**DATA FOR THE TASK**
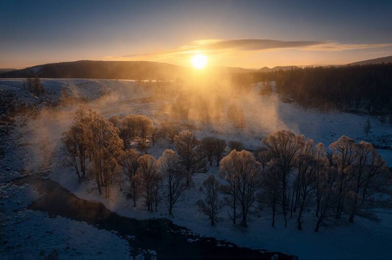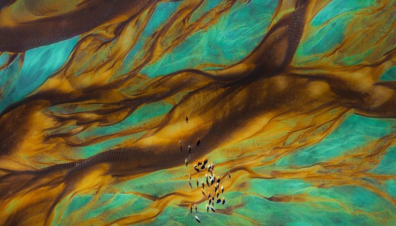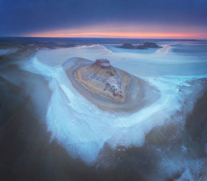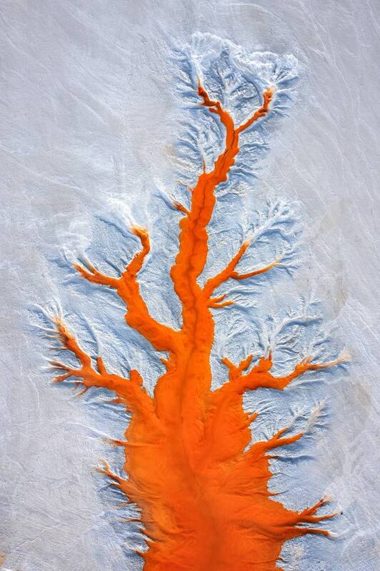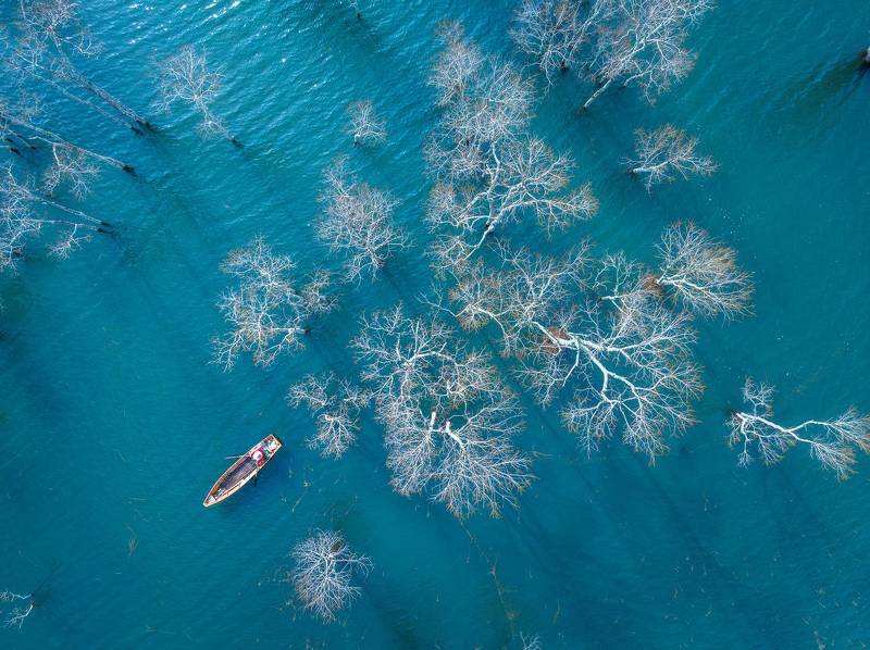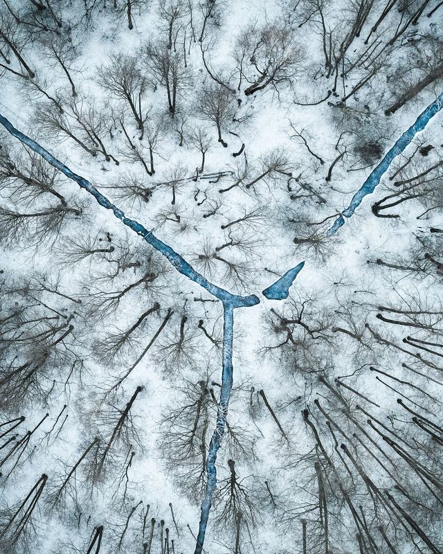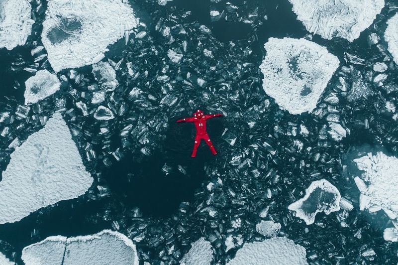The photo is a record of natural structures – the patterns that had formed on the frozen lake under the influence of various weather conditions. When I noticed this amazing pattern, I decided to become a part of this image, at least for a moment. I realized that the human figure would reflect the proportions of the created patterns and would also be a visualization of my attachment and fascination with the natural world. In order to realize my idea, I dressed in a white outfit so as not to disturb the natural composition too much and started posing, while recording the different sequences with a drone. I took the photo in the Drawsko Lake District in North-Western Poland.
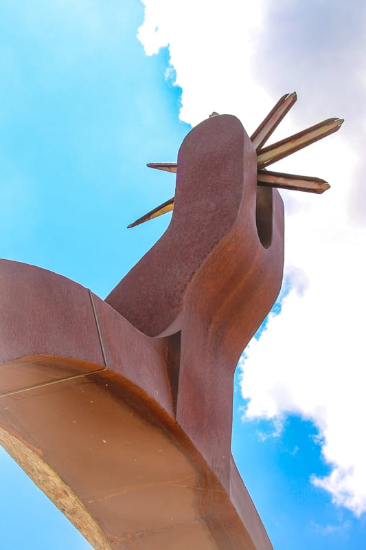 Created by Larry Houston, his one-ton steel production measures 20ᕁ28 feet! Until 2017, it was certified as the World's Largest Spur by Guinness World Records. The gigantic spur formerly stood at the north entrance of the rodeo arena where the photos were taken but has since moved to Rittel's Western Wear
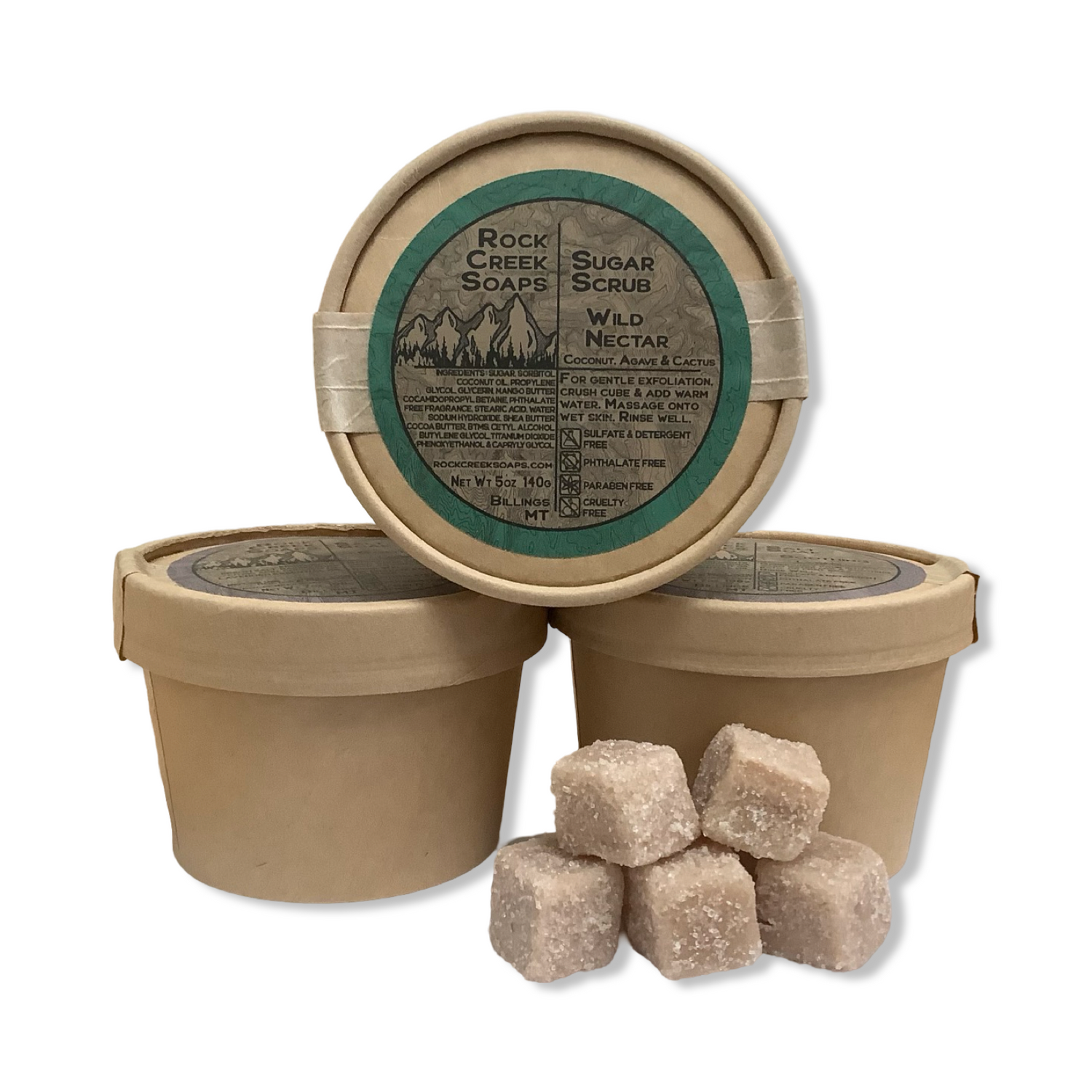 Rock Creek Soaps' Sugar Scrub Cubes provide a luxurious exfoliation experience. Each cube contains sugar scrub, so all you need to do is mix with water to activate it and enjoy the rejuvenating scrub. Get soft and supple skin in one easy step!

--

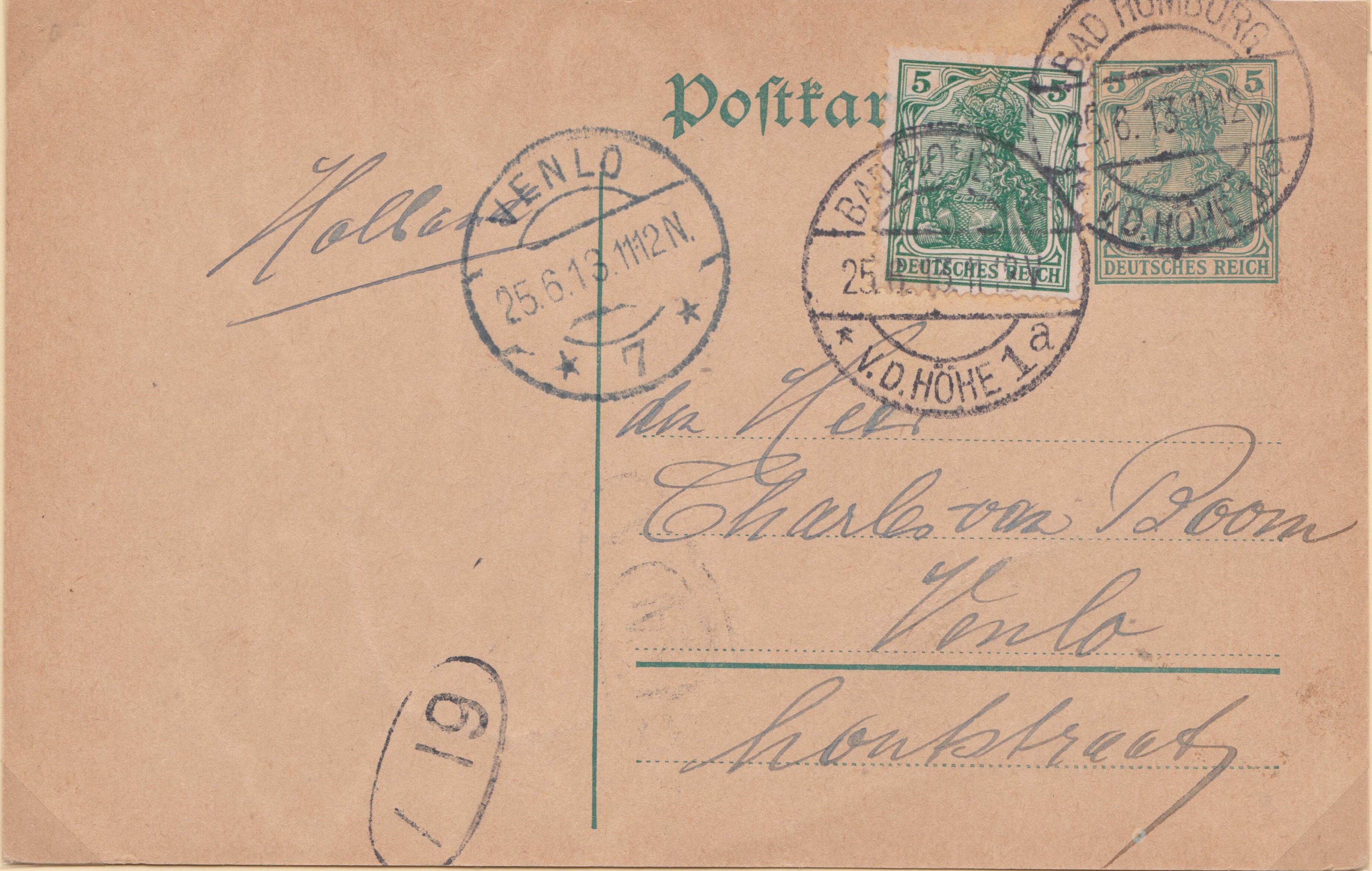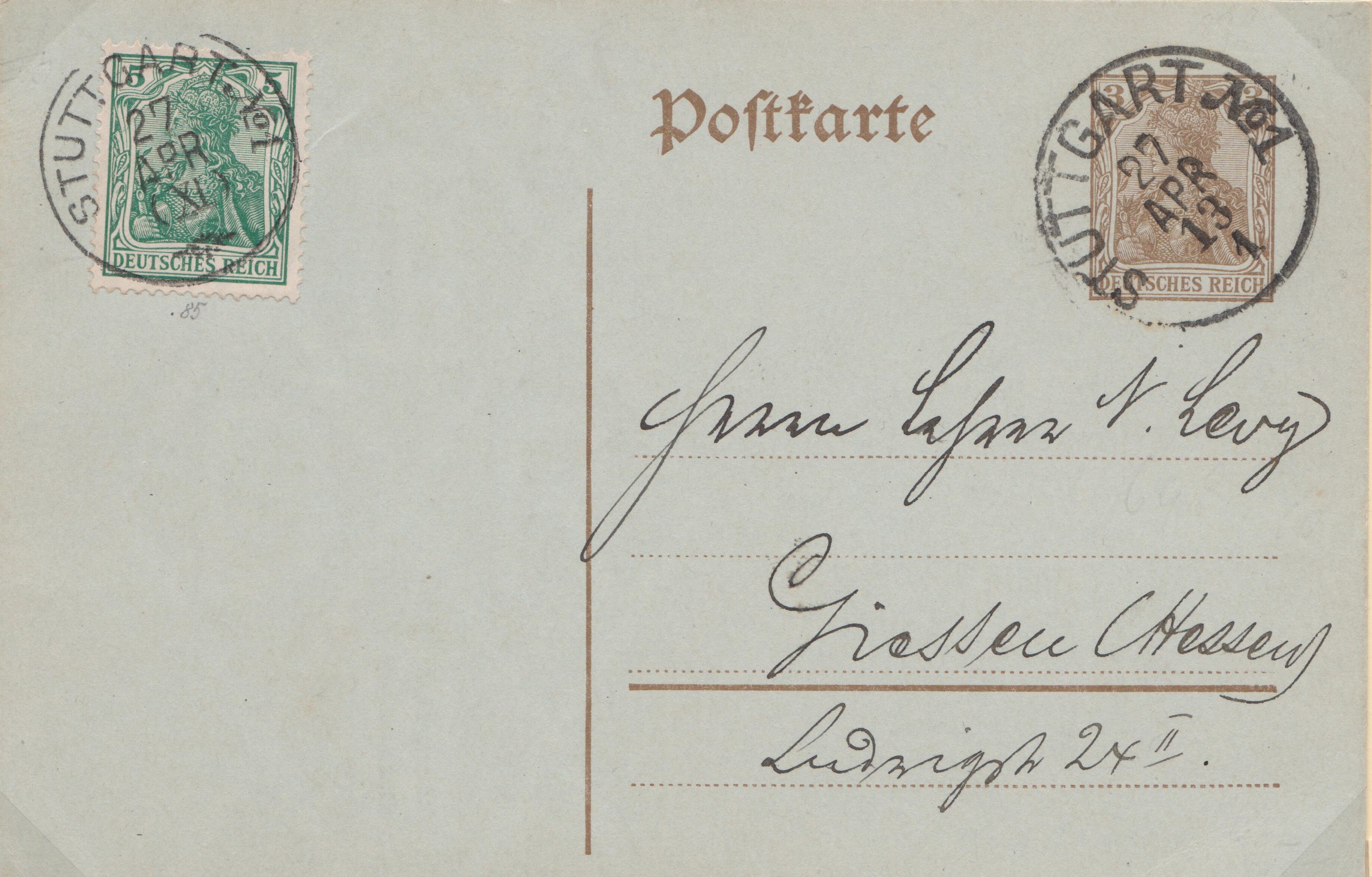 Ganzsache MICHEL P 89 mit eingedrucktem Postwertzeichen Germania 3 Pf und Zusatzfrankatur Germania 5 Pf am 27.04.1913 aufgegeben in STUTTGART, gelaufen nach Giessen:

**GOAL OF THE EXERCISE**
Using the data above, retype exactly and only the lines from the one containing "Created by Larry" up to and including the one containing "Rock Creek Soaps'", with no pictures carried over.

**RESULT**
 Created by Larry Houston, his one-ton steel production measures 20ᕁ28 feet! Until 2017, it was certified as the World's Largest Spur by Guinness World Records. The gigantic spur formerly stood at the north entrance of the rodeo arena where the photos were taken but has since moved to Rittel's Western Wear
 Rock Creek Soaps' Sugar Scrub Cubes provide a luxurious exfoliation experience. Each cube contains sugar scrub, so all you need to do is mix with water to activate it and enjoy the rejuvenating scrub. Get soft and supple skin in one easy step!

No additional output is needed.